The Trump administration is fighting a war of numbers with Canada, further escalating economic tensions with one of the biggest U.S. trading partners.
President Donald Trump insisted on Thursday that the U.S. is at a trade disadvantage, while Canada denies anything of the sort.
The trade balance is Mr. Trump’s preferred yardstick for measuring whether the U.S. is gaining or losing from economic relationships with its partners. That differs from the views of many economists, who say countries benefit from imports as well as exports and that a country’s overall trade balance is based on broad economic factors including investment and savings rates.
The complexity of the statistics measuring U.S.-Canadian trade flows allows each side the ability to support its claim by choosing from an array of data.
Trump administration officials typically focus on merchandise trade balances with other countries, which don’t account for trade in services such as insurance or tourism.
The U.S. Census Bureau’s basic tally of merchandise trade with Canada lists U.S. exports at $282.4 billion and imports from Canada at $300 billion, indicating a deficit of $17.6 billion.
Canadian officials prefer to include services trade as well as merchandise. That method, which gives highly competitive American services industries credit, gives the U.S. a small surplus of $2.8 billion in 2017, according to the U.S. Commerce Department.
The stakes in this dispute are high, as the Trump administration continues to push its northern neighbor and Mexico to renegotiate the 24-year-old North American Free Trade Agreement to address what the U.S. says are inequities in the trade flows between the two countries.

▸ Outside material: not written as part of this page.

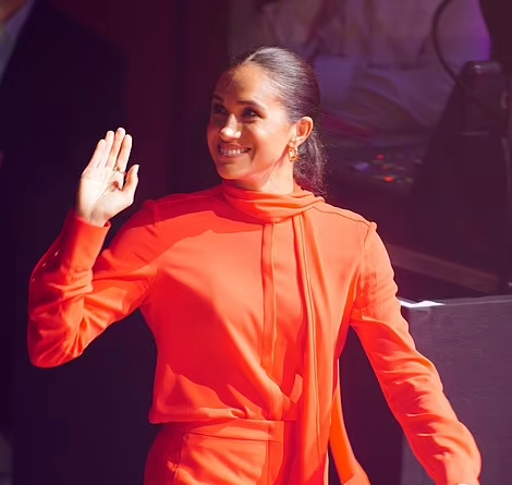 梅根这套大红套装被媒体认为是对戴安娜王妃的致敬。

The Canadian assertion of a U.S. surplus with the country undercuts the Trump administration’s main trade argument in Nafta and other negotiations with Canada—that U.S. deficits represent unfair relationships that need to be overhauled.
The U.S. is asking Canada for a litany of changes in the Nafta talks, from big shifts in auto-industry rules to the elimination of dispute-settlement system, and Canada officials are responding with an argument tailored to Mr. Trump: Trade between the two countries is balanced, so no major changes are needed to existing Nafta provisions.

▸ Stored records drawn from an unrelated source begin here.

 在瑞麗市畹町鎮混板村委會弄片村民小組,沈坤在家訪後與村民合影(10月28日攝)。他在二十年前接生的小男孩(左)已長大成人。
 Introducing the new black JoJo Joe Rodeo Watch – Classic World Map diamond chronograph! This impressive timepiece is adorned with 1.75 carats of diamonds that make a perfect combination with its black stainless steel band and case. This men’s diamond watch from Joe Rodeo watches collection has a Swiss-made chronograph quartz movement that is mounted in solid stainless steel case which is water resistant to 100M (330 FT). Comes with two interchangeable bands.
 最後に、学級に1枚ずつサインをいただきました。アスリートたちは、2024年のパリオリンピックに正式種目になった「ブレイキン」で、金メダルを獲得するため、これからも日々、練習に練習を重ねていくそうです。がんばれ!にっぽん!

A spokesman for the Canadian embassy in Washington said, “Canada does not view trade surpluses or deficits as an appropriate measure of whether a given trade relationship is working, or is beneficial for the parties.”
President Trump raised eyebrows at a fundraiser when he reportedly told guests that he recently insisted to Canadian Prime Minister Justin Trudeau that the U.S. has a trade deficit with Canada, despite having “no idea” if that was in fact the case.
“Trudeau came to see me…He said, no, no, we have no trade deficit with you, we have none,” Mr. Trump said Wednesday, according to a transcript published by the Washington Post. “I said wrong, Justin, you do. I didn’t even know. Gosh, I had no idea. I just said, ‘You’re wrong.’”
Mr. Trump sought to clarify his position in a tweet Thursday, saying that the U.S. is indeed at a trade disadvantage with Canada. “We do have a Trade Deficit with Canada, as we do with almost all countries (some of them massive),” Mr. Trump wrote. “P.M. Justin Trudeau of Canada, a very good guy, doesn’t like saying that Canada has a Surplus vs. the U.S. (negotiating), but they do.”
In recent days, Mr. Trump has challenged China to reduce Beijing’s $375 billion merchandise surplus with the U.S. by $100 billion, while U.S. trade officials develop a plan to impose tariffs on $30 billion in Chinese exports.
Further complicating the debate with Canada: The office of U.S. trade representative Robert Lighthizer is seeking new sets of trade data that can exclude the goods the U.S. imports from Asia and then “re-exports” to Canada or another country, arguing that those re-exports aren’t driven by U.S. manufacturing sector and the workers the Trump administration is trying to defend. The result: a bigger U.S. deficit.
Mr. Lighthizer quarreled with Canadian Foreign Minister Chrystia Freeland over the deficit issue at recent trade negotiations in Montreal, and people following the discussions said the disagreement reflected an undercurrent of tension in the talks and the overall economic relationship between the two countries.